The LBuffer is split up into "blocks" of 2x2 pixels. Opaque surfaces write lighting results into all 4 pixels of a block, but transparent surfaces only write into one of the pixels in a block. This gives you up to 4 "layers" of lighting information, but means that transparent objects are only lit at half resolution (and if you're using a 50% LBuffer, that's half of 50%, or 1/4 resolution).

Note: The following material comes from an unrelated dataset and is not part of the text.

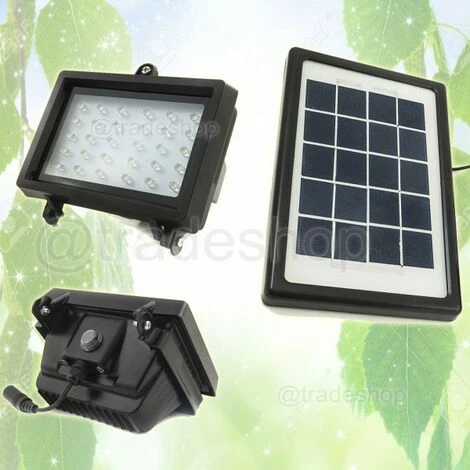 Éclairage LED avec Ă©nergie solaire avec panneau solaire et batterie rechargeable intĂ©grĂ©e Ă la lumière. 30 projecteurs LED avec une nutrition du soleil idĂ©ale pour l’Ă©clairage sans consommation d’Ă©nergie! Grâce au panneau solaire, l’objet accumule la charge pendant la journĂ©e, puis s’allume automatiquement la nuit. Le panneau solaire avec le câble d’extension vous permet de placer les projecteurs Ă©loignĂ©s du panneau solaire pour obtenir une flexibilitĂ© maximale de l’assemblage. Le panneau solaire doit nĂ©cessairement ĂŞtre positionnĂ© au soleil. ÉquipĂ© d’une batterie de lithium intĂ©grĂ©e et de l’interrupteur hors dĂ©sactivation pour dĂ©sactiver les projecteurs en cas de non-utilisation. CaractĂ©ristiques techniques: DegrĂ©s d’Ă©tanchĂ©itĂ©: IP65 luminositĂ©: 180 LED LED NumĂ©ro: 30 Power: 3W Batterie de lithium intĂ©grĂ©e Alimentation: 3W Tension maximale: 6V Amperaggio Maximum: 0,5A Courant de court-circuit: 0,55A Tension de circuit ouvert: 8,11 V 4Ah Batterie au lithium Batterie Lithium Longueur du câble: environ 3 mètres ne nĂ©cessite pas d’attaque sur les projecteurs de fixation du courant Ă©lectrique avec le support Le package contient: Nr. 1 Spotlight Nr. 1 Panneau solaire

Also, if an opaque surface is covered by alpha layers, then it's lighting quality also degrades (because the alpha lighting info overwrites most of the opaque lighting info).
When reading lighting values from the LBuffer, some shader magic is used to ignore any samples that are from other objects/layers, and perform linear interpolation from the nearest 4 valid samples.

Author:  devsh [ 08.03.2010, 19:53 ]
Post subject:  Re: Inferred lighting

hmm impressive alpha but then you should fix your alpha objects :) i.e. your alpha objects would have messed up alpha, depth order.

Author:  DarkAngel [ 09.03.2010, 01:06 ]
Post subject:  Re: Inferred lighting

devsh wrote:
i.e. your alpha objects would have messed up alpha, depth order.
How come?
The alpha objects are depth-sorted as usual and rendered back-to-front so all the ordering and blending-logic is correct.

Author:  devsh [ 10.03.2010, 21:57 ]
Post subject:  Re: Inferred lighting

back-to-front??? (FPS diving down)

yeh i'd expect that when you interpolate a pixel you take into account other occluders, so sorry. You are right the blending logic is fine.